* **ACTIVITY**: Using the records below, reproduce exactly the lines from the one containing "Blason | Coupé" through the end, and nothing more; skip the images.

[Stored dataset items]
# # # # # # #
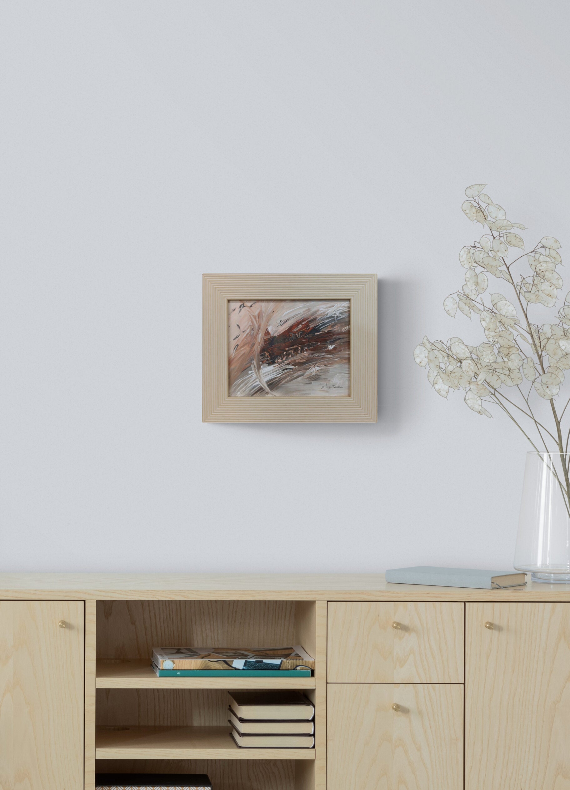 This dynamic abstract painting, titled "Abstract Momentum," showcases an energetic blend of earthy tones and fluid brushstrokes. Mariana Murteira has crafted a scene that captures the essence of movement and chaos. Swirling strokes of brown, black, and white race across the canvas, hinting at natural forces in motion—perhaps wind, storm, or waves. The composition evokes a sense of depth, with the bold layering of colors and textures pulling the viewer's eye through the painting, suggesting both action and tension. The warm palette of browns, contrasted with streaks of lighter whites, gives the piece a grounded yet turbulent atmosphere, inviting the viewer to interpret its rhythm and flow in personal ways.
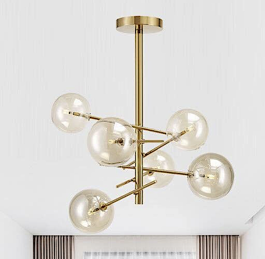 Đèn Chùm 6 quả cầu thuỷ tinh trong đường kinh 68cm THCN 61A-19
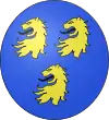 Blason | Coupé : au premier de sinople à la bande d'or, au second d'argent au renard d'azur[35]. |
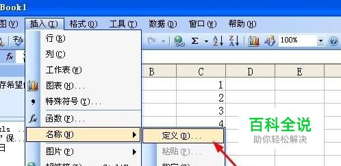 然后我们按住Ctrl键,选中测试数据文字部分的单元格,然后,单击“插入——名称——定义”。
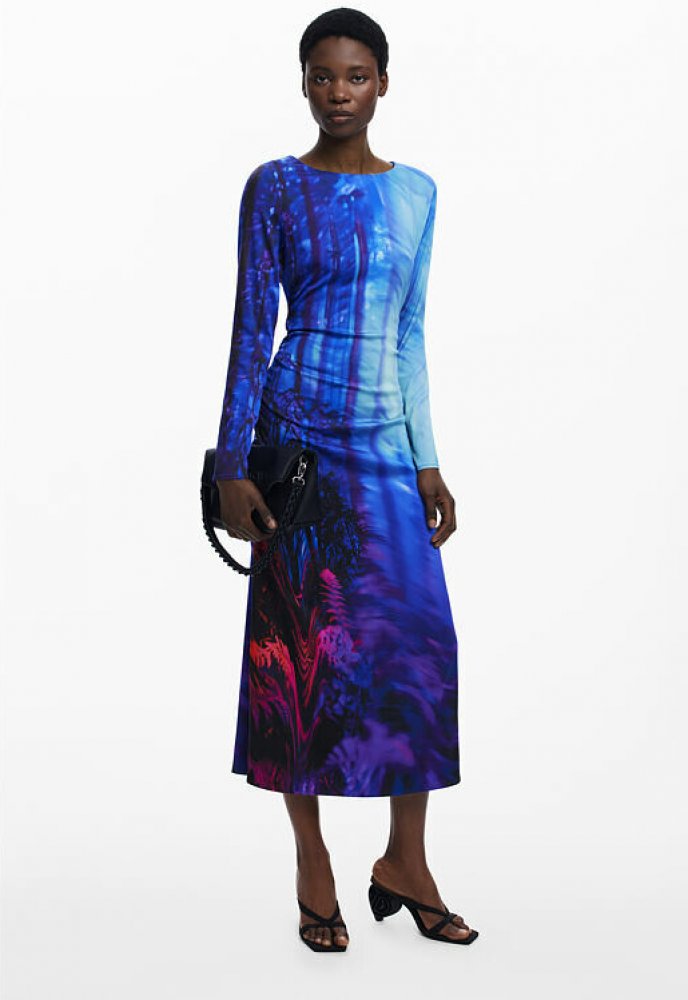 Nádherné dámské šaty Paisajerosa od značky Desigual. Tato šaty Vás osloví svým výrazným krásným motivem, který působí jako umělecké plátno na textilu, a díky asymetrickému lemu a řasení na bocích dokonale obepnou postavu. Dlouhé rukávy a midi délka zaručují variabilitu - od elegantního dne ve městě po stylový večer. dámské modré šaty motiv krajiny v živých barvách střih slim fit kulatý výstřih ke ...
# # # # # # #
* **FINISHED TASK**:
 Blason | Coupé : au premier de sinople à la bande d'or, au second d'argent au renard d'azur[35]. |
 然后我们按住Ctrl键,选中测试数据文字部分的单元格,然后,单击“插入——名称——定义”。
 Nádherné dámské šaty Paisajerosa od značky Desigual. Tato šaty Vás osloví svým výrazným krásným motivem, který působí jako umělecké plátno na textilu, a díky asymetrickému lemu a řasení na bocích dokonale obepnou postavu. Dlouhé rukávy a midi délka zaručují variabilitu - od elegantního dne ve městě po stylový večer. dámské modré šaty motiv krajiny v živých barvách střih slim fit kulatý výstřih ke ...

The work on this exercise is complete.